Shalat adalah ibadah yang pertama dihisab di akhirat.
إِنَّ
أَوَّلَ مَا يُحَاسَبُ بِهِ العَبْدُ يَوْمَ القِيَامَةِ مِنْ عَمَلِهِ صَلَاتُهُ
فَإِنْ صَلَحَتْ فَقَدْ أَفْلَحَ وَأَنْجَحَ وَإِنْ فَسَدَتْ فَقَدْ خَابَ
وَخَسَرَ فَإِنِ انْتَقَصَ مِنْ فَرِيْضَتِهِ شَيْءٌ قَالَ الرَّبُّ تَبَارَكَ
وَتَعَالَى: انَظَرُوْا هَلْ لِعَبْدِي مِنْ تَطَوُّعٍ ؟ فَيُكْمَلُ بِهَا مَا
انْتَقَصَ مِنَ الفَرِيْضَةِ ثُمَّ يَكُوْنُ سَائِرُ عَمَلِهِ عَلَى ذَلِكَ ”.
وَفِي رِوَايَةٍ :” ثُمَّ الزَّكَاةُ مِثْلُ ذَلِكَ ثُمَّ تُؤْخَذُ الأَعْمَالُ
حَسَبَ ذَلِكَ ”
“Sesungguhnya
amal hamba yang pertama kali akan dihisab pada hari kiamat adalah shalatnya.
Apabila shalatnya baik, dia akan mendapatkan keberuntungan dan keselamatan.
Apabila shalatnya rusak, dia akan menyesal dan merugi. Jika ada yang kurang
dari shalat wajibnya, Allah Tabaroka wa Ta’ala mengatakan, ’Lihatlah
apakah pada hamba tersebut memiliki amalan shalat sunnah?’ Maka shalat sunnah
tersebut akan menyempurnakan shalat wajibnya yang kurang. Begitu juga amalan
lainnya seperti itu.” Dalam riwayat lainnya, ”Kemudian zakat akan (diperhitungkan)

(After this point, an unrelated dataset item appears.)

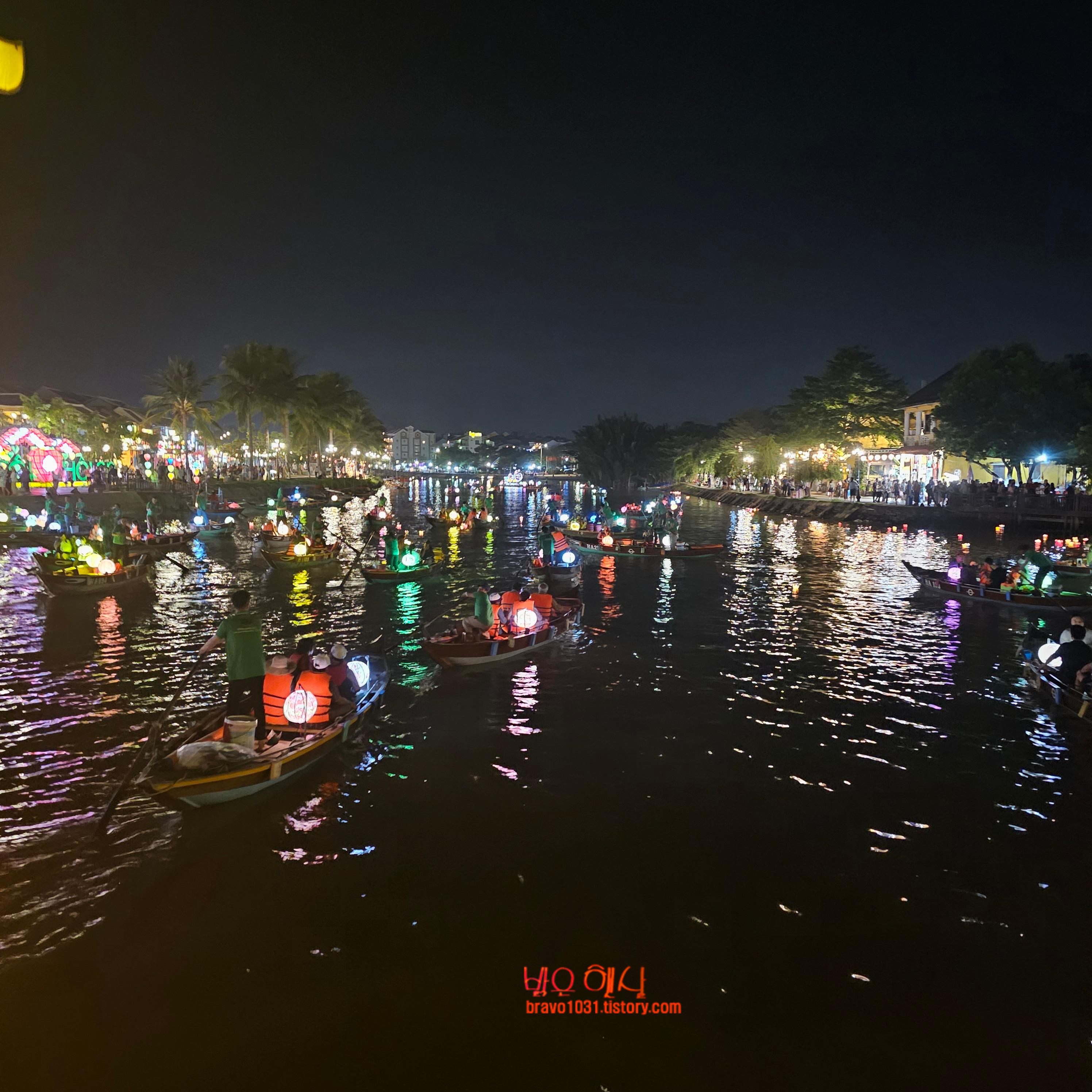 강에 빈 곳이 보이지 않을 정도로 빼곡하게 들어찬 배들과 그 위를 밝히는 등의 모습 그리고 강물을 따라 흘러가는 소원등의 모습이 너무도 화려해 보인다.
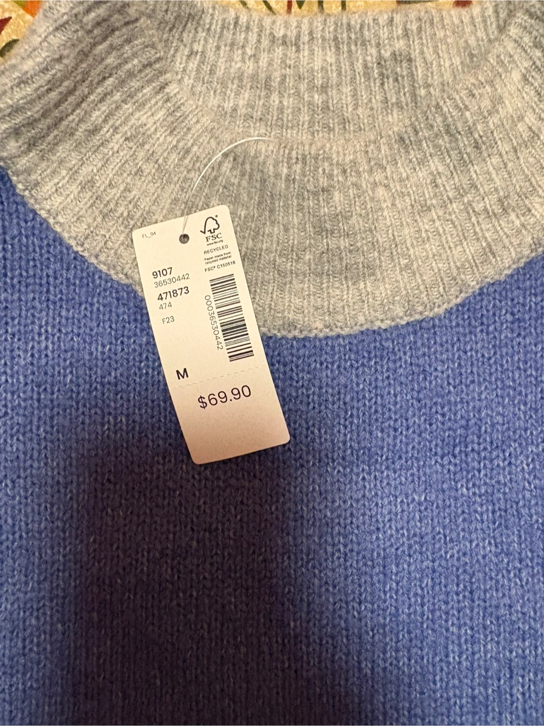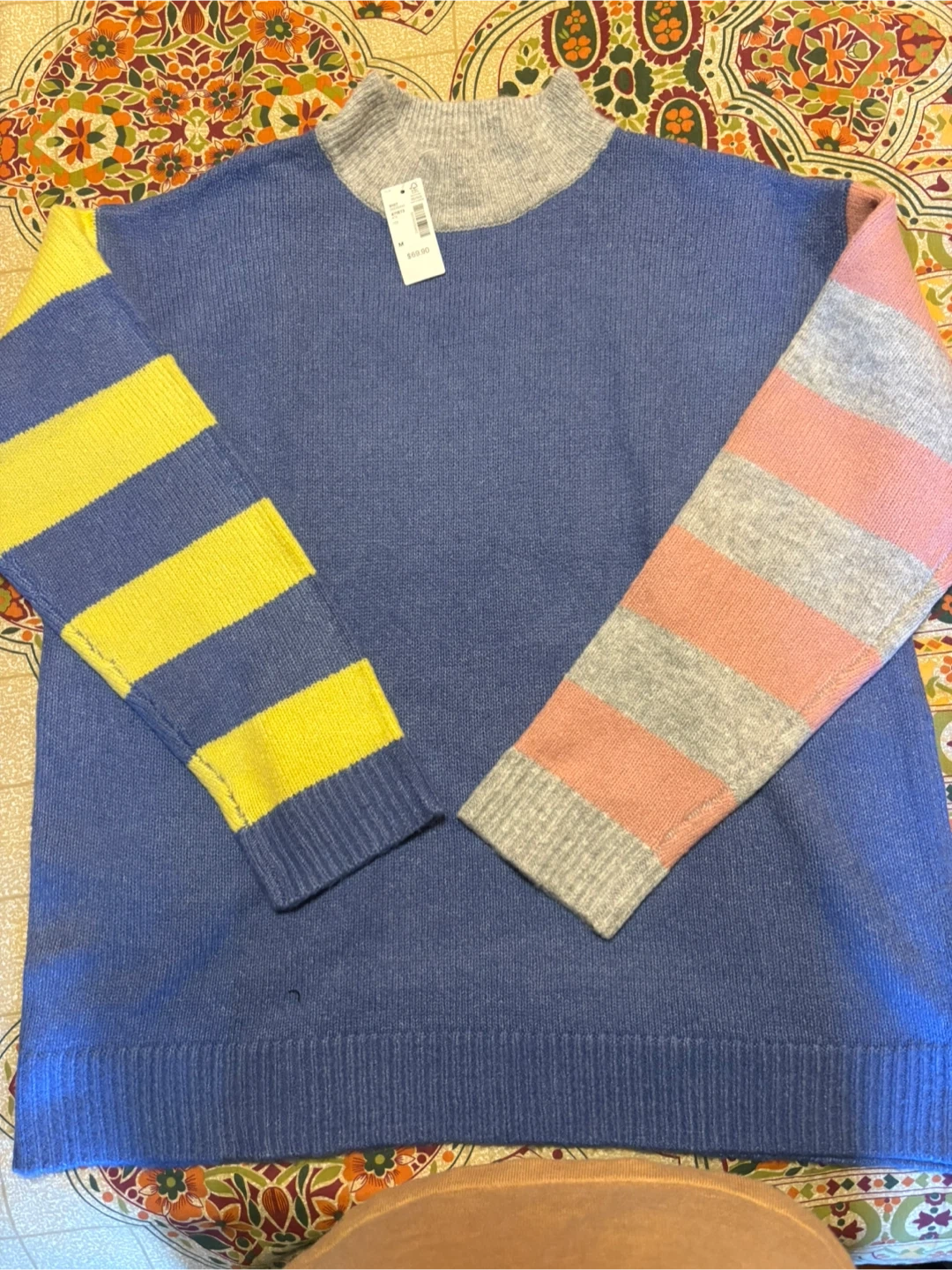 sweater featuring a unique colour block design with blue, grey, yellow, and pink stripes! It's a size medium and was originally bought for $69.90

seperti itu. Kemudian amalan lainnya akan dihisab seperti itu pula.” (HR.
Abu Daud no. 864, Ahmad 2: 425, Hakim 1: 262, Baihaqi, 2: 386. Al Hakim
mengatakan bahwa sanad hadits ini shahih dan tidak dikeluarkan
oleh Bukhari dan Muslim, penilaian shahih ini disepakati oleh
Adz Dzahabi)
Pada Hadis lain riwayat An-Nasa’i no. 3991 yang dinilai shahih oleh Syaikh Al-Albani dari ‘Abdullah bin Mas’ud RA, Rasulullah shallallahu ‘alaihi wa sallam bersabda
أَوَّلُ مَا يُحَاسَبُ بِهِ الْعَبْدُ الصَّلَاةُ، وَأَوَّلُ مَا
يُقْضَى بَيْنَ النَّاسِ فِي الدِّمَاءِ
“Perkara
yang pertama kali dihisab adalah shalat. Sedangkan yang diputuskan pertama kali
di antara manusia adalah (yang berkaitan dengan) darah.” (HR.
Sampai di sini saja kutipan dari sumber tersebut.